Wednesday, April 17, 2013

Helen Lundeberg: California Surrealist

One of my favorite California artists in the genre of mid-century modernism is Helen Lundeberg. I always love seeing new paintings by her. Lundeberg painted surrealist subjects as well as hard-edged geometric compositions. Her depictions of macrocosms and microcosms are some of her most interesting works.

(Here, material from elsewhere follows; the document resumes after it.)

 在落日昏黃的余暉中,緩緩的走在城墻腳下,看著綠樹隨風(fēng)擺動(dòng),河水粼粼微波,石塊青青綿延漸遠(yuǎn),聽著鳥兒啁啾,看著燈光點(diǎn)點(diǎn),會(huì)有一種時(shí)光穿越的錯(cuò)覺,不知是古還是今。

Helen Lundeberg (1908-1999) was born in Chicago, Illinois 1908. As a child she moved to the artist colony of Pasadena, California. In 1930 she enrolled at the Stickney School of Art in Pasadena where she was met Lorser Feitelson, her future husband.
From 1933-42 Helen Lundeberg worked as a muralist and lithographer for the WPA California Federal Art Project, including a 240-foot-curved wall in Centinela Park in Inglewood, CA. Simultaneously, she and Feitelson founded an art movement known as Post-Surrealism. 

Early in her career Lundeberg's work was exhibited at the Brooklyn Museum and New York’s Museum of Modern Art. Later in her life she had work shown in the San Francisco Museum of Art. She was working during the same time period of Georgia O’Keeffe and some similarities can be found between the two artist's interest in the abstract quality of extreme close-ups. Still, Lundeberg often depicted the cosmos and planetary structures. 

Helen Lundeberg is one of the rare women artists whose work has a strong market value comparative to her male contemporaries. A recent auction at Bonhams and Butterfields sold three of her works in their Made in California sale.